● Your instructions: Copying rule for the data below: pictures stay out, and only the lines from the one with "Unleash your furry" down to the one with "Gillette sastrera asimétrica", inclusive, are repeated exactly.

(Data records)
☆ ☆ ☆ ☆ ☆ ☆ ☆

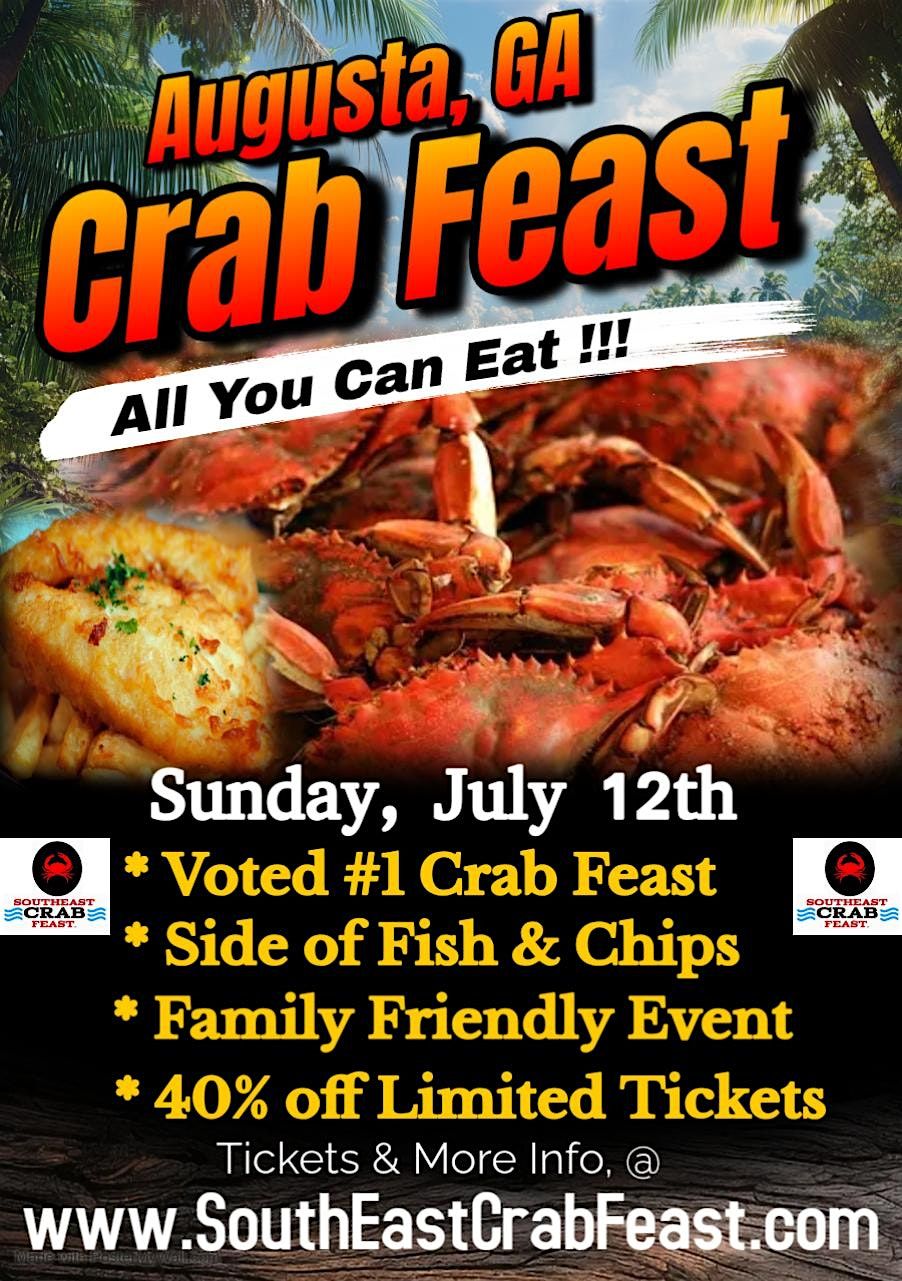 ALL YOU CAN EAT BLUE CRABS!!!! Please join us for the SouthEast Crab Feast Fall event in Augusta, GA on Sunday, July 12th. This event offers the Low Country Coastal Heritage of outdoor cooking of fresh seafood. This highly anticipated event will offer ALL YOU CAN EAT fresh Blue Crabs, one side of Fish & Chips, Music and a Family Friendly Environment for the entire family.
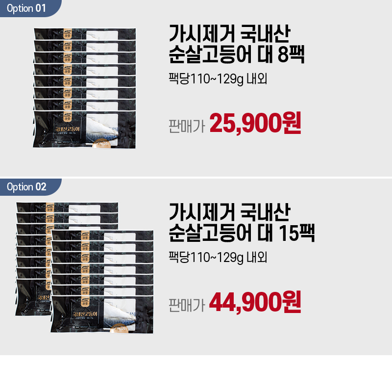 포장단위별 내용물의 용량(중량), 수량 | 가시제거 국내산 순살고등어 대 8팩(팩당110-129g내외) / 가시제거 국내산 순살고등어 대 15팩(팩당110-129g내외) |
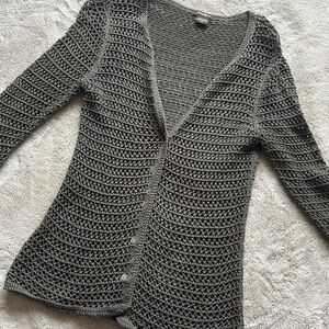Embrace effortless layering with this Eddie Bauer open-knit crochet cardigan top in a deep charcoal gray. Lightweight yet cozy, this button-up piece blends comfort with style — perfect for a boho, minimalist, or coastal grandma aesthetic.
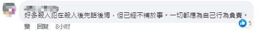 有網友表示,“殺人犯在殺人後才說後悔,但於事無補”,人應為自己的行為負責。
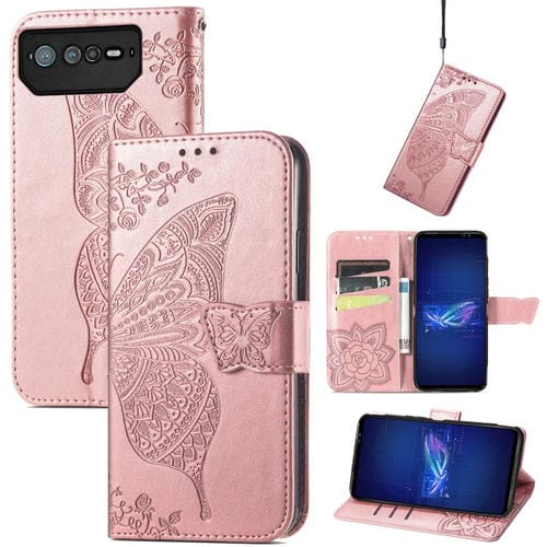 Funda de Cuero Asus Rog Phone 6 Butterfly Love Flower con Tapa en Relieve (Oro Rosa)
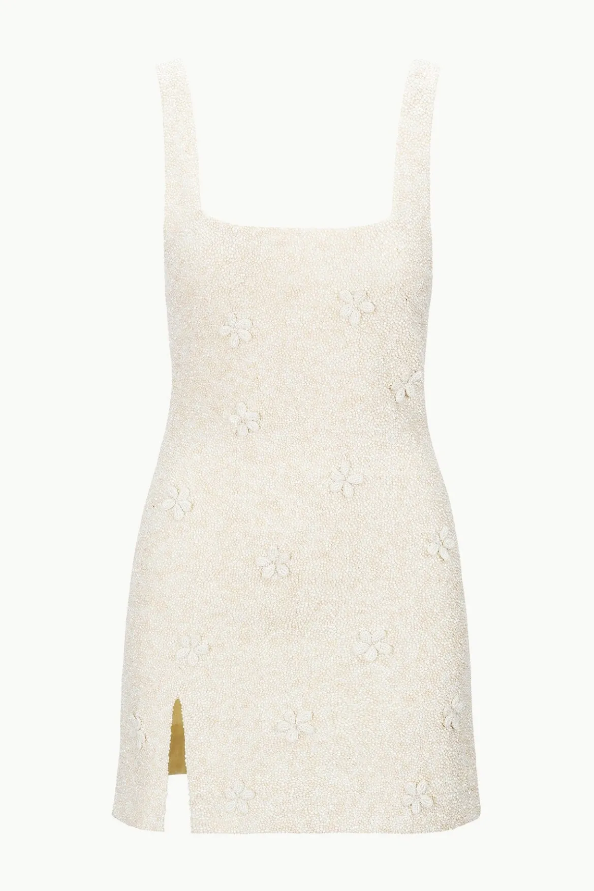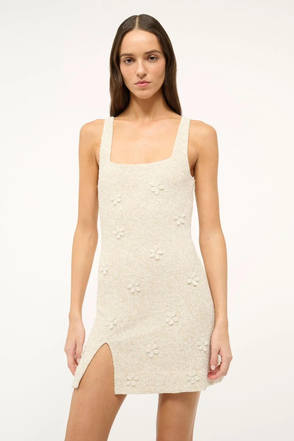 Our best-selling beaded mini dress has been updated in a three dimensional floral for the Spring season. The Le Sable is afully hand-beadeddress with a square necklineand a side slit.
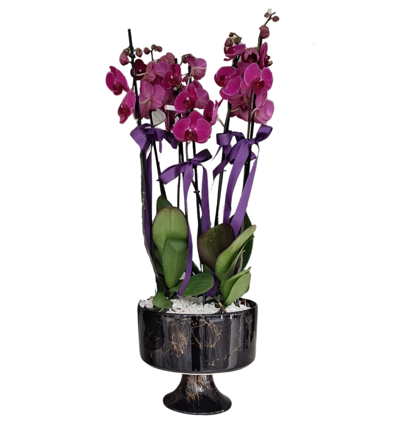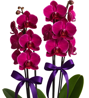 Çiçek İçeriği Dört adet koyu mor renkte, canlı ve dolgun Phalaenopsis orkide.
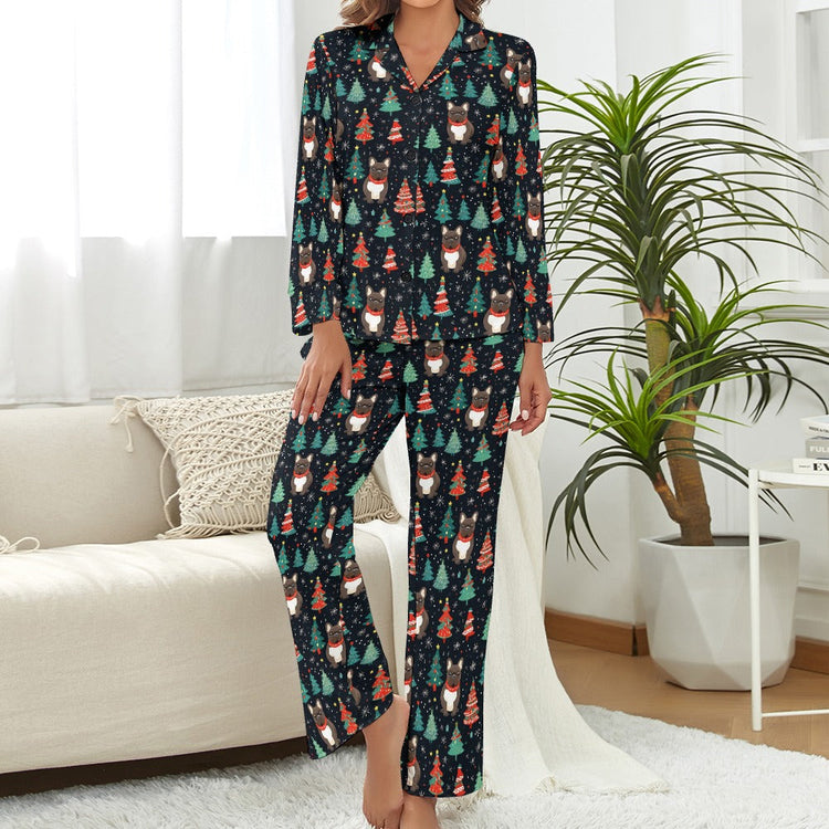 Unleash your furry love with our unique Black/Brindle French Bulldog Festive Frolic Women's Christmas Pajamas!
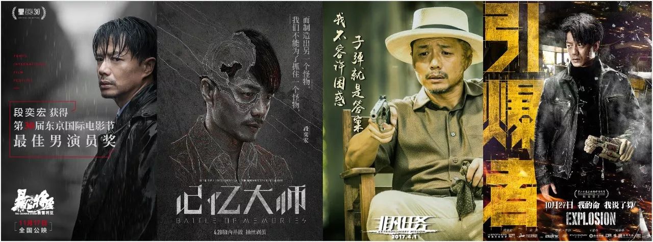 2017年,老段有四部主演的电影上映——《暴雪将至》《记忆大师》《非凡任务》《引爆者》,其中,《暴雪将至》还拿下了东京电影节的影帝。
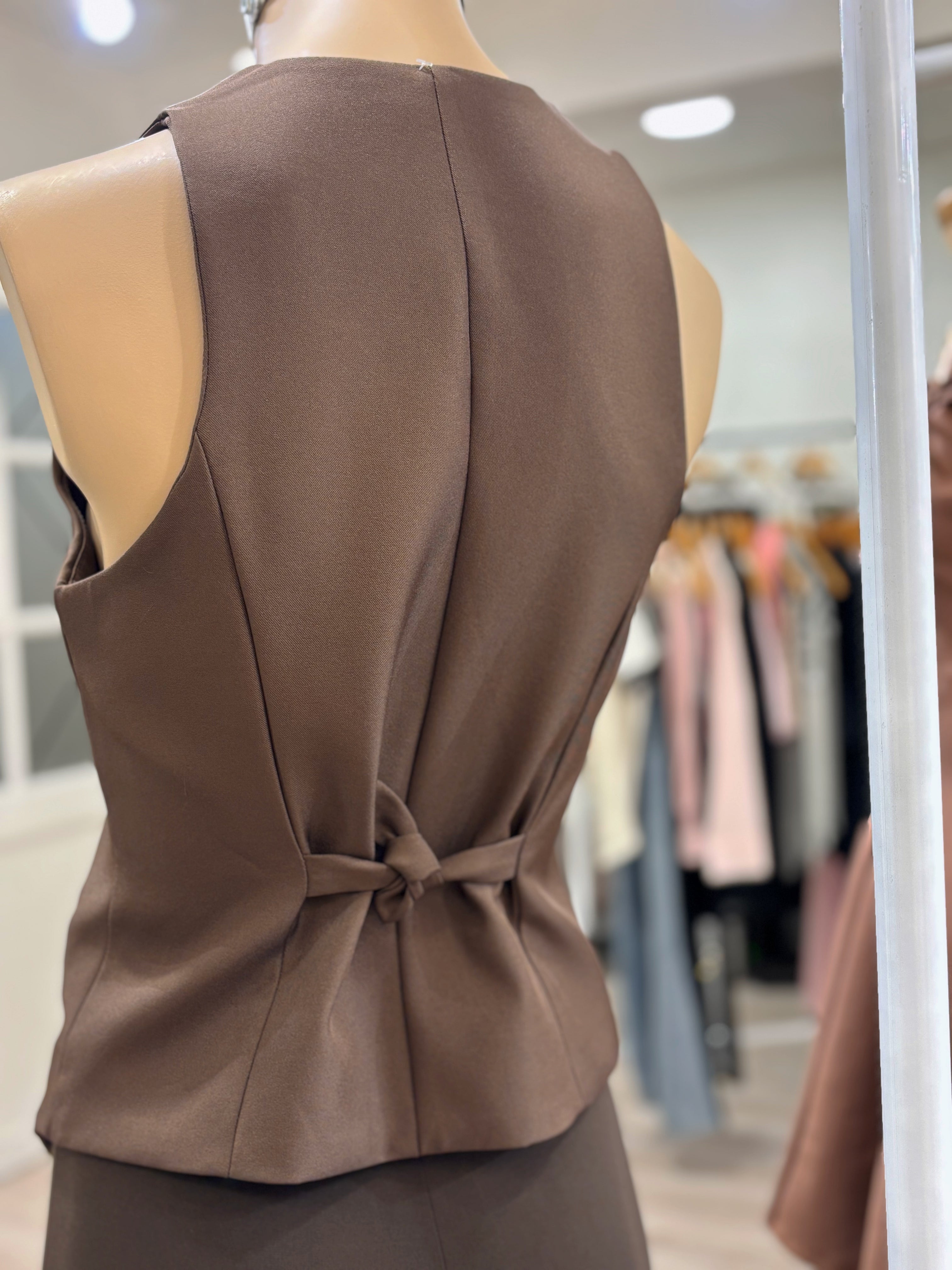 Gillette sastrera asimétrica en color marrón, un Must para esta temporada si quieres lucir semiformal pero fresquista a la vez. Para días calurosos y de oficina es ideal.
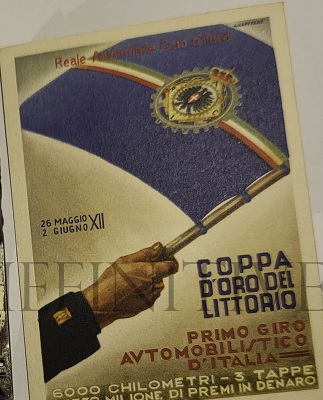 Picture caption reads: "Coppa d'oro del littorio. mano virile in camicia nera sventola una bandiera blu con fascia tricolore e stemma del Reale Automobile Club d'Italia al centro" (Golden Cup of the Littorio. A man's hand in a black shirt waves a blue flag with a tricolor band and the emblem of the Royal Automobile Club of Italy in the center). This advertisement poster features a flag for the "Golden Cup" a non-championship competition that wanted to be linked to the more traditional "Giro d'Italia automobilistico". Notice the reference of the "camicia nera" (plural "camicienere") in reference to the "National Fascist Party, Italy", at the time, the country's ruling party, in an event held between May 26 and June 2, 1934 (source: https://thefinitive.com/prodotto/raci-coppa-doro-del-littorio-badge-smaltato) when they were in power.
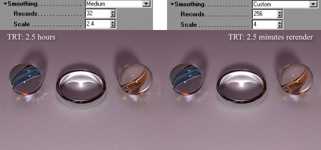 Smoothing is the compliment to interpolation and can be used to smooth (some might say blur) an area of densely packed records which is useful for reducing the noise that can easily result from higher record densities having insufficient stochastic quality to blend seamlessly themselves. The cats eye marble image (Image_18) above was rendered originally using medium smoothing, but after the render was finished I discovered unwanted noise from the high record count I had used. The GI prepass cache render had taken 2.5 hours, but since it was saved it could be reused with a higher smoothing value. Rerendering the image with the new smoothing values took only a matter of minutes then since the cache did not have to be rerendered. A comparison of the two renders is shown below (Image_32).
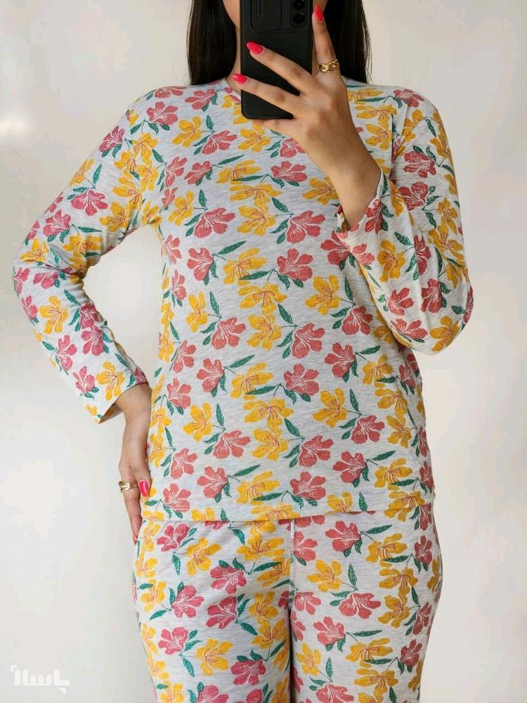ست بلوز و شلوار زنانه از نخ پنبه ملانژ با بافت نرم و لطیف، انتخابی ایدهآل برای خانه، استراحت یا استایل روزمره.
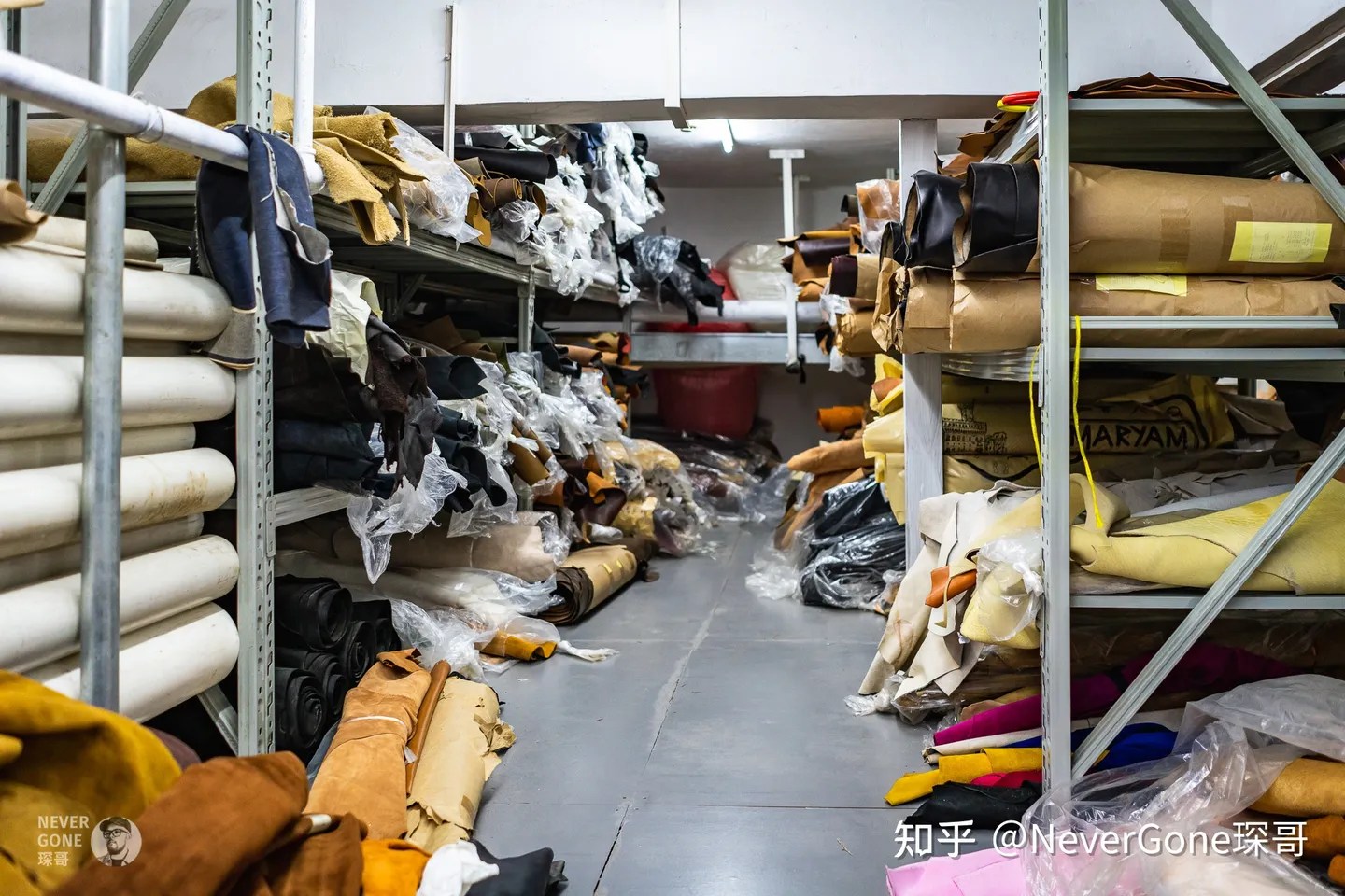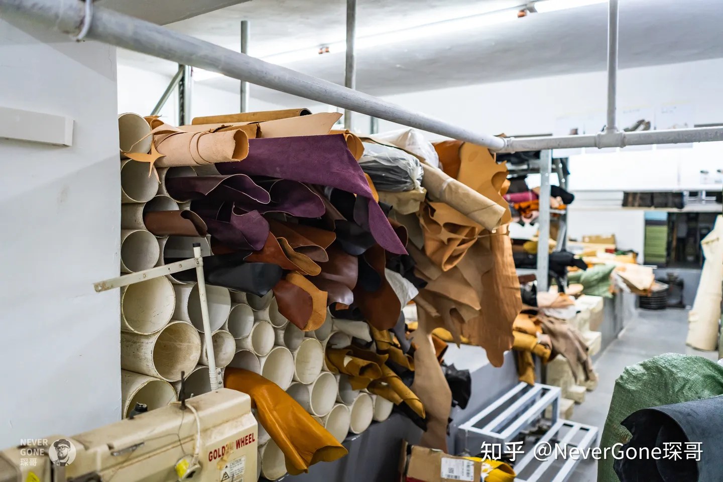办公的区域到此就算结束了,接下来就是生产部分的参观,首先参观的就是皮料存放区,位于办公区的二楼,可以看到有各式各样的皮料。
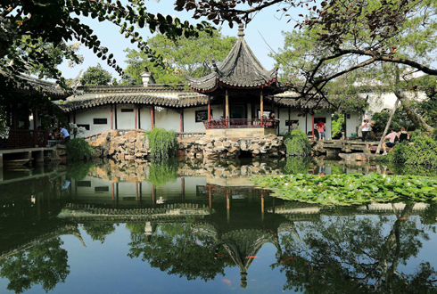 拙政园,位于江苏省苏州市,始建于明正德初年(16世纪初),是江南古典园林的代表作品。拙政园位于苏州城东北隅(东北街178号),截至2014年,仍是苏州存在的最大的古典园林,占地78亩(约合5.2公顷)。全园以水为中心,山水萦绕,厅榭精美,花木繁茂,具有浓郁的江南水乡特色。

☆ ☆ ☆ ☆ ☆ ☆ ☆

● Result of the exercise:
 Unleash your furry love with our unique Black/Brindle French Bulldog Festive Frolic Women's Christmas Pajamas!
 2017年,老段有四部主演的电影上映——《暴雪将至》《记忆大师》《非凡任务》《引爆者》,其中,《暴雪将至》还拿下了东京电影节的影帝。
 Gillette sastrera asimétrica en color marrón, un Must para esta temporada si quieres lucir semiformal pero fresquista a la vez. Para días calurosos y de oficina es ideal.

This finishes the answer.